Problem requirements>
Please copy the lines below, exactly as they are, from the one with "under CC BY 4.0" through the one with "民革酒泉市委会主委靳巧荣、民", and leave out the pictures.

Data extracts>
=== Begin Enclosure ===

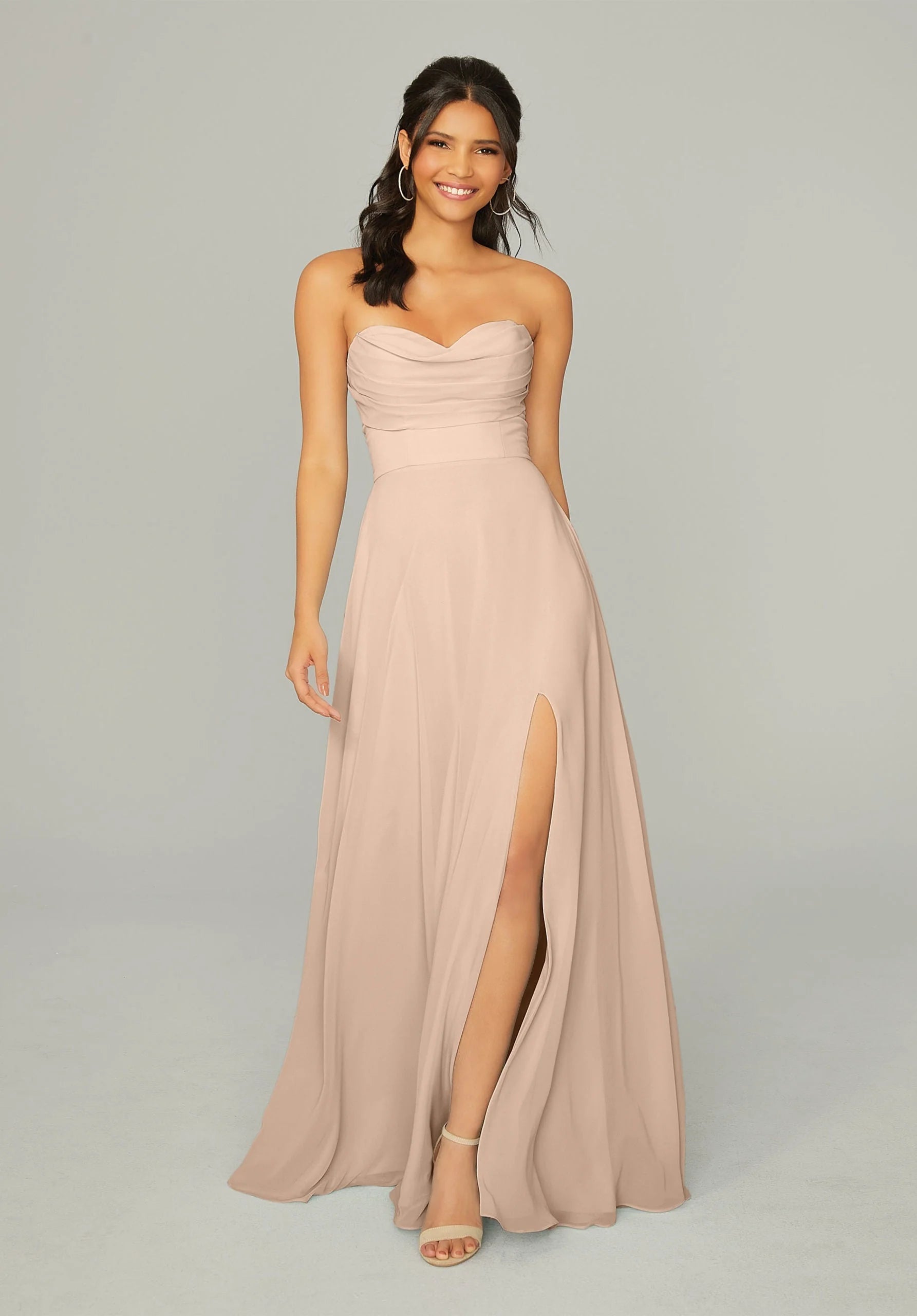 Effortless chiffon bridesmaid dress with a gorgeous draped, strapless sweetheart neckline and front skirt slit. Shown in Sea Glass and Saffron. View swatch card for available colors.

=== End Enclosure ===
=== Begin Enclosure ===

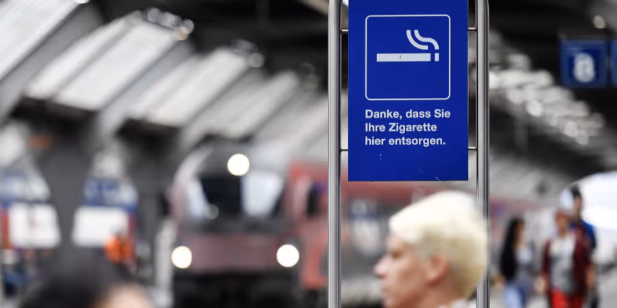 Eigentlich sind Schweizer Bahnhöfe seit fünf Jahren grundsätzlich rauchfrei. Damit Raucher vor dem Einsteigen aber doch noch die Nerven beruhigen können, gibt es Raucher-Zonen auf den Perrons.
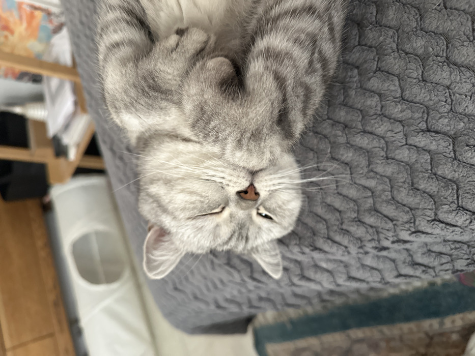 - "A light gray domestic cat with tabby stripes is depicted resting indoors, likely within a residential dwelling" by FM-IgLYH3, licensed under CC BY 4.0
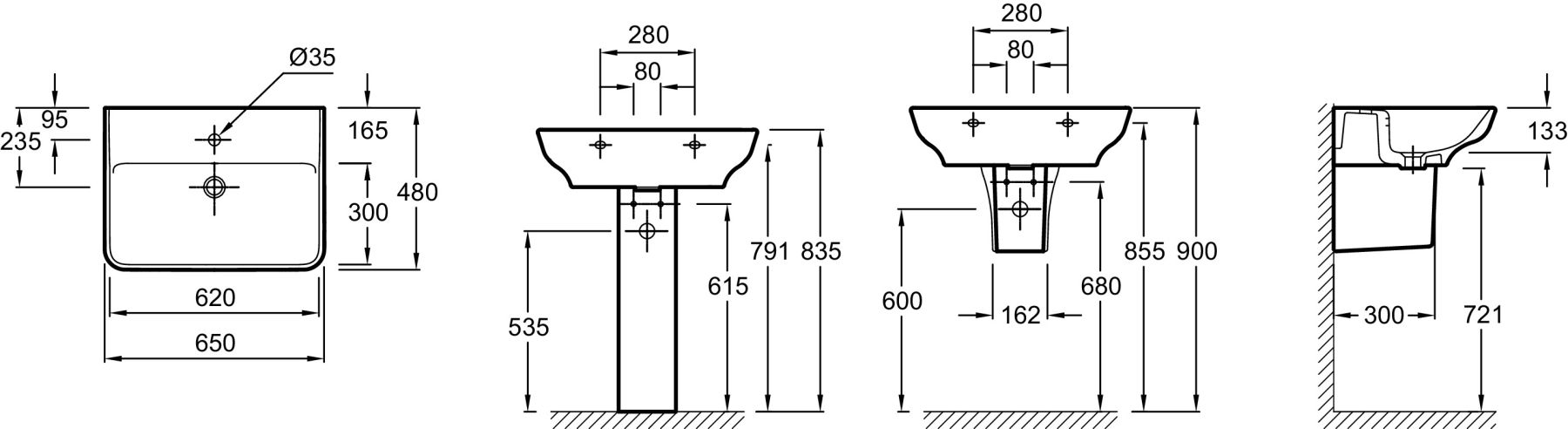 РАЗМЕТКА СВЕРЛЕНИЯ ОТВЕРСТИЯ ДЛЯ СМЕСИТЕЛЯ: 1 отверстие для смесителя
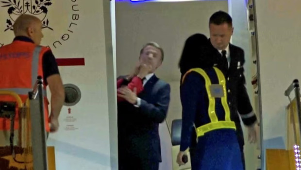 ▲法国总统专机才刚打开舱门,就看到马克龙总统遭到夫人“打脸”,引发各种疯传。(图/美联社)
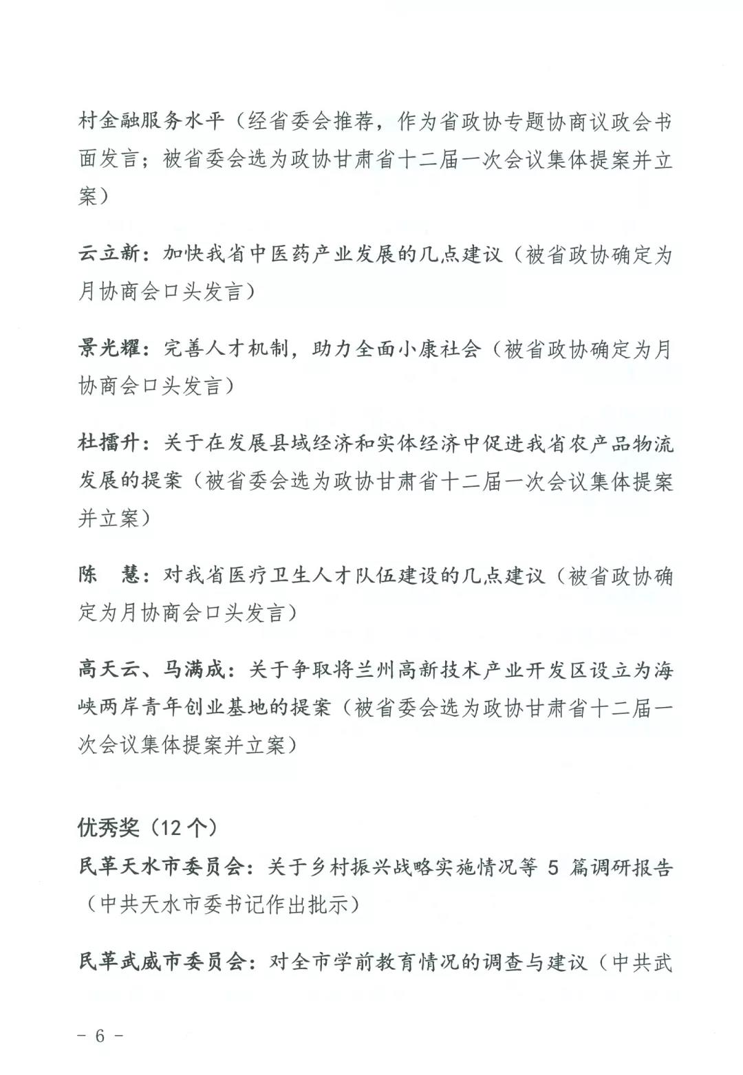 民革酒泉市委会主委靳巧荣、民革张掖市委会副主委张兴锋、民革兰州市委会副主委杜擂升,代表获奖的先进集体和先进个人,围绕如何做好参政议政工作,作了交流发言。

=== End Enclosure ===

Exercise response>
 - "A light gray domestic cat with tabby stripes is depicted resting indoors, likely within a residential dwelling" by FM-IgLYH3, licensed under CC BY 4.0
 РАЗМЕТКА СВЕРЛЕНИЯ ОТВЕРСТИЯ ДЛЯ СМЕСИТЕЛЯ: 1 отверстие для смесителя
 ▲法国总统专机才刚打开舱门,就看到马克龙总统遭到夫人“打脸”,引发各种疯传。(图/美联社)
 民革酒泉市委会主委靳巧荣、民革张掖市委会副主委张兴锋、民革兰州市委会副主委杜擂升,代表获奖的先进集体和先进个人,围绕如何做好参政议政工作,作了交流发言。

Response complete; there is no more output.